I glance sidelong at Barb. “I heard you were trying to get ronin to go after me. You could have just put the word on the street that there was trouble and you needed to talk to me. I would have found you.”

“And let the sharks know my baby sister might be less than able to defend herself?”

It wouldn’t have stopped you back then. It didn’t stop you back then. I remember what you were like, when Nell died. Or before I left home. But that’s water under the bridge now, isn’t it? “How did you know where to find me, Barb?”

She turned back and shot me a grin. “I put a tap on your buddy Castaign’s phone, of course.”

Just like that.

Except the numbers still don’t quite add up. And that’s not what she said this morning.

Seven Years Earlier:

1430 hours, Monday 12 July, 2055

Scavella-Burrell Base

Hellas Planitia

Mars

Charlie ran a hand across his clipped, thinning fair hair, scrubbing at the back of his skull. He lifted his shoulders and grimaced, then placed both hands on the edge of his desk and levered himself to his feet, blinking his contacts clear. An armed guard — taser only, in the airtight confines of the station — fell into step behind him as he left his lab. One more thing to thank John for. A guy can’t even take a piss around here anymore without an escort.

As he was leaving the head, Colonel Valens stopped him in the hall. “Charlie.”

“Evening, Fred.” He couldn’t remember how long he’d been on a first-name basis with the base commander, and wondered occasionally how he had ever found the man forbidding. “You look like a man with a mission, sir.”

Valens bobbed his chin down, half a nod and an ironic smile. “All work and no play. How are you doing on the DNA sequencing?”

Charlie fell into step beside him. “It’s not exactly DNA, although it is a long-chain organic molecule. And I’ve gotten distracted by something interesting, frankly.”

“Interesting, or interesting ?”

“Yes.” He held his lab door open for Valens, noticing that the guard was standing just far enough away not to seem to overhear.

Valens preceded Charlie into the room. “Tell me more.”

“Have you been reading my weeklies?”

“I’ve been up to my ass in paperwork, and a little brinksmanship over the salvage vessels. The Chinese have decided that testing our perimeters is not enough, and they’ve actually been sending in surface teams. But that’s neither here nor there; tell me what is interesting.”

Charlie kicked his chair to one side and perched on the edge of the desk, away from the interface plate. “We’ve been using a scanning electron microscope on some of the samples from the shiptree.
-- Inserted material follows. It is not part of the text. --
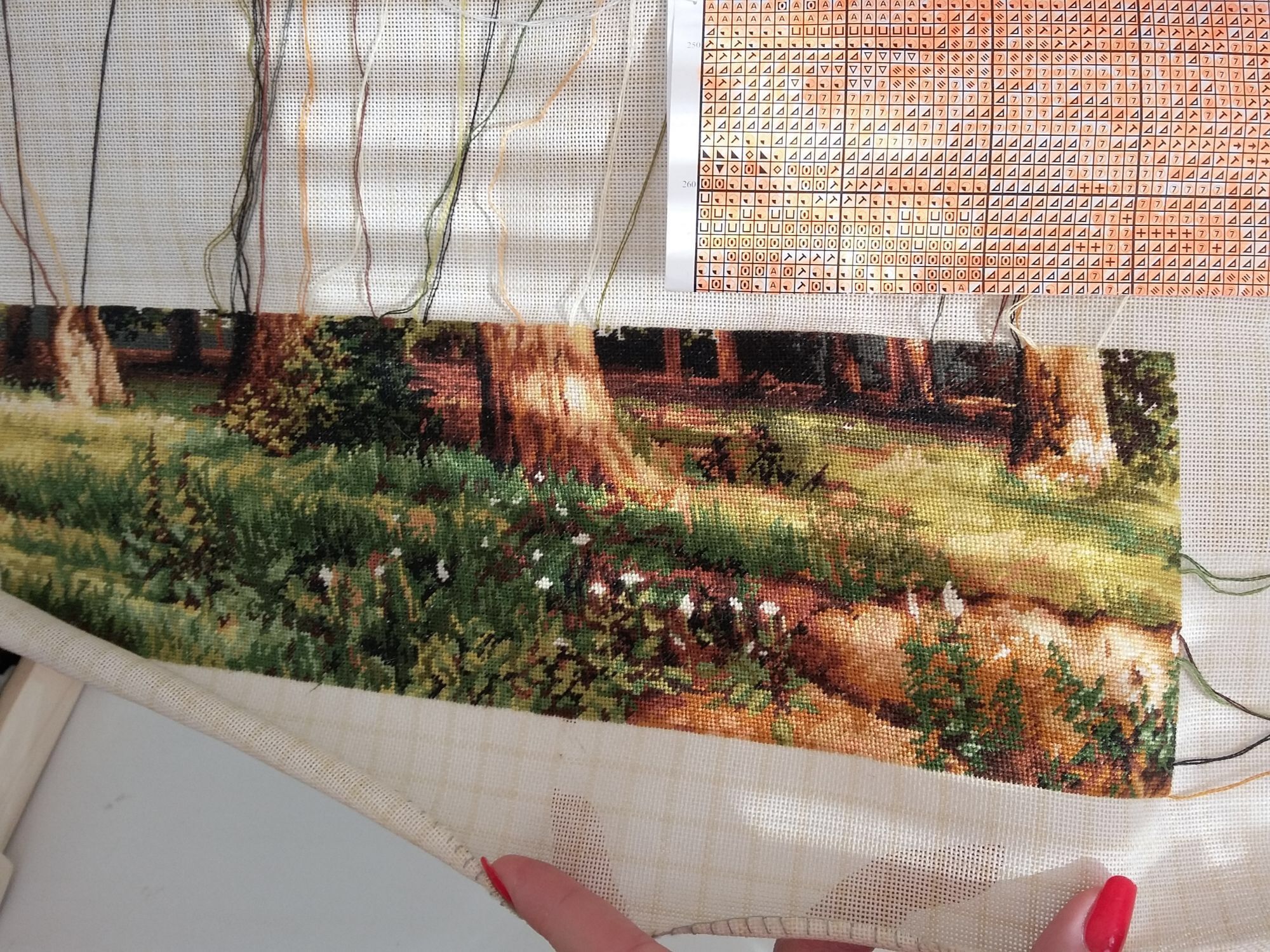 4 октября 2017 Доброе утро, земляне!!! Да, не есть хорошо редко выходить с отчетами, накопилось новостей. Берегитесь, будет много слов и фото!)) Итак, несмотря на оккупацию всей меня двумя не хорошими товарищами – молчуном и неписуном, я потихоньку продолжала шить. Молча. Практически тайно. В итоге Роща прибавила 2,5 листа и нашла второй угол! Да-да, я это сделала!))) было стало Чуть не хватило сил зашить перед отчетом маленький кусочек, но я думаю вы мне простите мою оплошность, так как последняя неделя была насыщена событиями. Как-то ездила к маме и передо мной стала дилемма, что взять с собой пошить, Рощу ж не утащишь)) Покопавшись в шкаПчике, нашла уже покрывающиеся мхом колокольчики. Так появился горшочек, ну или вазочка. было стало Совуля тоже подросла. было стало Мега кайфушный процесс. С процессами на сегодня покончено, далее будут всяки-разны приятности. Второй год подряд я делаю себе подарок на д.р. в виде поездки на ФР. Написано про нее уже достаточно. Потому буду краткой. Поездка удалась тчк Шучу тчк Шучу про тчк, а поездка вышла славной. Прямо с поезда я подхватила насу Масу с аэроэкспресса и мы помчали на встречу мечте новым красивучим выфывкам и Бабаське, которая также прибыла на выставку. Я планировала «только посмотреть» и возможно купить что-нибудь очень нужное))) Так и получилось, во-первых я наткнулась на скатерти от МИ, давно искала себе скатерть и хотела купить Shafaer, но прочитала в отзывах, что качество скатерти в последних наборах просто ужасное, в чем смогла лично убедиться на выставке. Накрахмаленная белая марля за тысячу с лишним мне была совсем не нужна. А от МИ скатерти такого же размера были по 200 рублей! Причем качество тканюшки очень даже приличное. Я довольна как слон! А еще я купила желанный диванный станочек, витринный образец со скидкой, что меня очинна порадовало. 1000 рэ за такую конструкцию по-моему вполне хорошая покупка. Правда некоторые фефочки подхихикивали надо мной, что я в Мск езжу за дровами. (в прошлый раз тащила с ФР гобеленовую раму))))) Нагулявшись по выставке и совершив обдуманные (и не очень) покупки мы отправились на общую встречу, где меня ждал сюприз от Маняшика. Однажды у кого-то в теме я обмолвилась, что жутко хотела бы вышить какой-нибудь красивый домик и в поисках сюжета наткнулась на деревеньку от Доме, мол нужно поискать схему и вышить себе наиболее красивый домик. И что вы думаете? Тут же отклинулась Маришечка Маняша и предложила мне остаточки! Так вот, на встрече мне удалось увидеть вживую отшитую деревеньку! Это оооочень круто, скажу я вам! Домики смотрятся просто волшебно! И невозможно выбрать какой лучше! Маняшик спасибо тебе огромнейшее преогромнейшее! На этом чудеса не закончились, девочки сделали мне просто мега потрясающие подарки на д.р.! Масуля подарила мне очень-очень желанный наборчик. и теперь у меня будет собственная Цыпа! А еще она нашла недостающие красивучие тканюшки для моих Димовских игрушек! Уряяяя! Мафуля, спасибо! Я пищу от щастья! Соскучилась по шерсти и хотела начать Цыпу немедленно, но муж уговорил закончить хоть один процесс… Ну, а Любасик сразила наповал своим сюрпризом)) Фантастический Мишака!!! Он еще и с рамочкой в комплекте! И снова я пищу от восторга!!!! Спасибо, Любасик! Ну и осталось признаться в еще одной покупке, которую я совершила чуть ранее, опять же себе любимой на

Consensus is, it was in fact grown. And then reinforced. Let me show you something.” With deft fingers, he tapped up the holographic display and pulled up an image queue.

“Surgical nanites,” Valens said promptly. “Q class. Neurosurgical. I’ve used them.”

“Right. Look at these.”

“Holy… oh.”

Charlie felt the grin pulling his lips wide when Valens came the last five steps to lean in close to the projection.

The colonel poked one finger into the hologram, singling out one magnified image among crawling dozens. “Those are from S-2? Are they as small as this indicator shows?”

“Yep. And still active.”

“I can see that. Well.” Valens leaned back on his heels, head shaking slowly. “These are responsible for the microreinforcement of the shiptree’s hull.”

“And what appears to be a sort of artificially enhanced nervous system. Which hooks up to the cables I had theorized were VR links. Yes.”

The silence was gratifying. Charlie looked up from the display. Valens’s face was still and pale. “You’re suggesting,” he said, “that that ship was — alive? That it still is?”